EndSARS: When an Injured Protester is LOAD AND GO (Making Lifesaving Transport Decisions)

Posted on: Wed 21-10-2020

The #EndSARS protest has now taken a violent turn and reports of injuries and deaths abound. As lay rescuers, ts is vital that you as a bystander carry out critical First aid Interventions on scene but also know when to make lifesaving Transport Decisions


If on face value, you determine or feel the injured is in a critical state, he/she must be transported immediately.  


Most treatment interventions can be done during transport. Remember, Even though the patient appears to be stable, if there is a dangerous mechanism of injury or other dangers (such as age, poor general health), consider early transport. “Stable” patients can become unstable quite rapidly


If the injured protester has one of the critical conditions listed below, immediately load the patient into an ambulance and transport rapidly to the nearest appropriate emergency facility. When in doubt, transport early.


However, the following first aid measures can be done at the scene: control major external bleeding, open and maintain a patent airway (position, sweep, ventilate, seal sucking chest wounds, stabilize flail segments, stabilize penetrating objects). Procedures that are not life saving, such as splinting, bandaging, insertion of IV lines, or even elective endotracheal intubation, must not hold up transport of the critical patient.  


If the injured protester has any of the following, transport immediately:


1) You notice these on the injured


— Altered mental status


— Abnormal breathing


Abnormal bleeding is your first priority! You should be looking for it as you approach the patient. One bystander can attend to that problem as other bystanders address level of consciousness, airway, breathing, and circulation.


— Uncontrolled bleeding or shock


Please be aware that any of these can rapidly lead to shock:


— Penetrating wounds of the torso


— Abnormal chest observations (open wound or a portion of the rib cage is separated from the rest of the chest wall (flail chest))

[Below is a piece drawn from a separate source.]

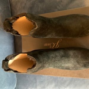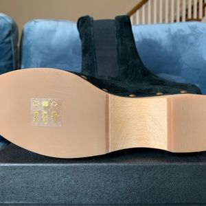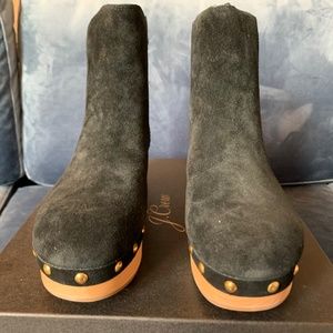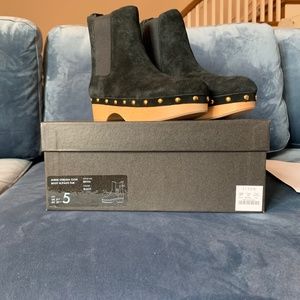 Size 5 black suede Chelsea clog boots from J Crew. Boots are calf suede with gold studs surrounding and lined faux fur. Soles are rubber with 50mm heel. Brand new and in original box.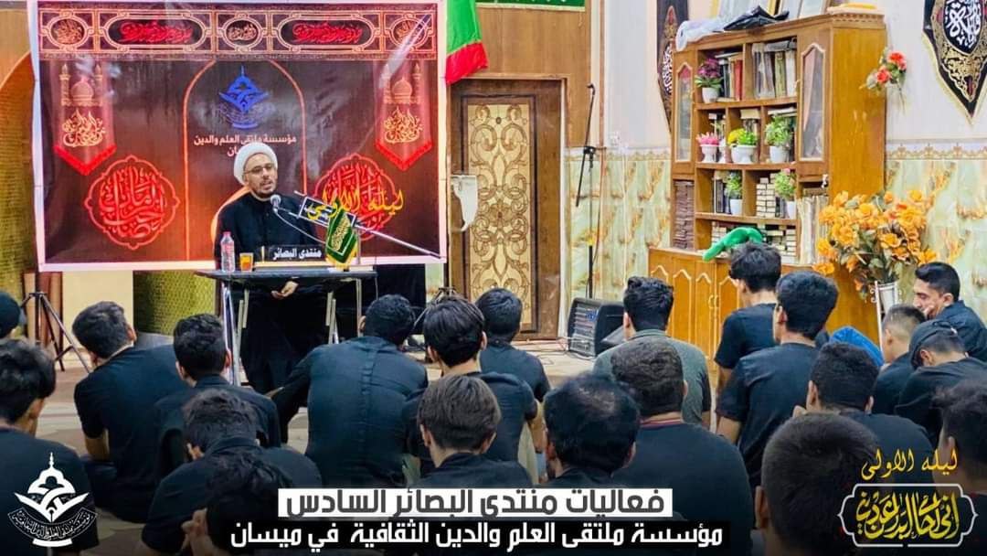 أقامت مؤسسة ملتقى العلم والدين الثقافية في ميسان فعاليات منتدى البصائر السادس لمناسبة شهادة الإمام السجاد (ع) في جامع الإمام الحسن (ع)

— Tender, distended abdomen


— Pelvic pain and restricted mobility. (Pelvic instability)


— Broken bones of the legs (Bilateral femur fractures)


Contacting Medical Direction


When you have a critical patient, it is extremely important to contact medical direction as early as possible. It takes time to get the necessary resources such as the appropriate surgeon and the operating room team in place, and the critical patient may have no time to wait after arrival at the hospital. Always notify the receiving facility of your estimated time of arrival (ETA), the condition of the patient, and any special needs on arrival.